Per la Cassazione non può essere considerata quel «pagamento integrale» necessario per la non punibilità di cui all’art. 13 del DLgs. 74/2000

Di Maria Francesca ARTUSI

La compensazione del debito IVA non può rilevare “automaticamente” ai fini della causa di non punibilità prevista per il reato di omesso versamento ai sensi dell’art. 10-ter del DLgs. 74/2000.

Va ricordato, in proposito, che l’art. 13 del DLgs. 74/2000 – così come modificato dal DLgs. 158/2015 – ha introdotto la possibilità di esclusione della punibilità per alcuni reati tributari, elenco di recente esteso anche alle dichiarazioni fraudolente a opera del DL 124/2019 convertito. Per quanto riguarda l’omesso versamento IVA, la disposizione citata prevede che tale fattispecie non sia punibile se, prima della dichiarazione di apertura del dibattimento di primo grado, i debiti tributari, comprese sanzioni amministrative e interessi, sono stati estinti mediante integrale pagamento degli importi dovuti, anche a seguito delle speciali procedure conciliative e di adesione all’accertamento previste dalle norme tributarie, nonché del ravvedimento operoso.

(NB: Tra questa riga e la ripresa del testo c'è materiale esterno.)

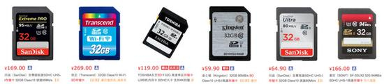 为让大家更直观的对比市面上不同速度的存储卡及其价位,下文将以在相机上应用最广泛的SD存储卡作为测试对象,并将其在电商平台不同容量、标速的价格为例,让大家先对SD存储卡的价格有简单了解。

Alla luce di tale disposizione, la Corte di Cassazione, nella sentenza n. 17806 depositata ieri, è chiamata a confrontarsi con la possibile rilevanza della compensazione rispetto al requisito – a dire il vero molto dibattuto – dell’integrale pagamento del debito fiscale.

Il procedimento attiene alla condanna a quattro mesi di reclusione, oltre alle sanzioni accessorie e al pagamento delle spese processuali, per il reato di cui all’art. 10-ter del DLgs. 74/2000 nei confronti del legale rappresentante di una srl che aveva omesso di versare nei termini di legge l’IVA dovuta, nella misura di circa 2 milioni di euro.
Il ricorrente, tra l’altro, invocava la possibilità di far valere la causa di non punibilità conseguente al pagamento del debito, in virtù di un’avvenuta compensazione.

Nelle motivazioni della sentenza viene, innanzitutto, escluso che la compensazione di diritto, ove maturata prima della scadenza dell’obbligo di versamento dell’IVA, sia idonea a estinguere in radice il debito stesso sicché non potrebbe parlarsi, evidentemente, del pagamento di un debito che sarebbe, già di per sé, inesistente.

In secondo luogo, e muovendo allora dall’ipotesi che, invece, la compensazione di specie sia maturata (come parrebbe ricavabile dalla sentenza di merito) successivamente alla scadenza dell’obbligo di versamento, va rilevato che il dettato del citato art. 13, che fa espresso riferimento al “pagamento”, in esso includendo anche ipotesi specifiche derivanti da istituti di natura conciliativa, non consente di includervi l’ipotesi della compensazione legale, che rientra, per espressa qualificazione del codice civile, tra i “modi di estinzione delle obbligazioni diversi dall’adempimento”, ovvero, in altri termini, diversi proprio dal pagamento.
Viene, così, ritenuto che la compensazione invocata dal ricorrente nel caso in esame non sia funzionale all’applicabilità della causa di esclusione della punibilità.

Tale lettura – nella brevità delle argomentazioni con cui viene trattato il tema – sembrerebbe fondarsi sulla ratio dell’art. 13 medesimo che consiste nell’interesse (concreto) che ha l’ordinamento a incentivare comportamenti antagonisti al fatto criminoso: cioè un comportamento successivo alla commissione del reato (nel caso il pagamento integrale), che elimina l’offesa al bene giuridico tutelato dalla norma (così Cass. n. 37083/2018).

Altrettanto rigorosa e restrittiva è la presa di posizione della sentenza in esame in riferimento alla possibile rilevanza della crisi di liquidità ai fini dell’esclusione dei reati di omesso versamento delle imposte. La Cassazione ribadisce qui la necessità di assolvere, da parte dell’interessato, a puntuali oneri di allegazione che devono investire non solo l’aspetto della non imputabilità al contribuente della improvvisa crisi economica, ma anche quello della necessità di adottare le misure idonee a fronteggiarla, anche attingendo al proprio personale patrimonio (tra le tante, Cass. nn. 20266/2014 e 5467/2014).
Nel caso di specie, non è stato pertanto ritenuto sufficiente il riferimento a una generica crisi d’impresa, né tantomeno alla scelta imprenditoriale di pagare le scadenza più imminenti trascurando i debiti erariali, tale fatto, anzi dimostrando, comunque, la suitas della condotta e la mancanza, inoltre, di qualsiasi causa di forza maggiore.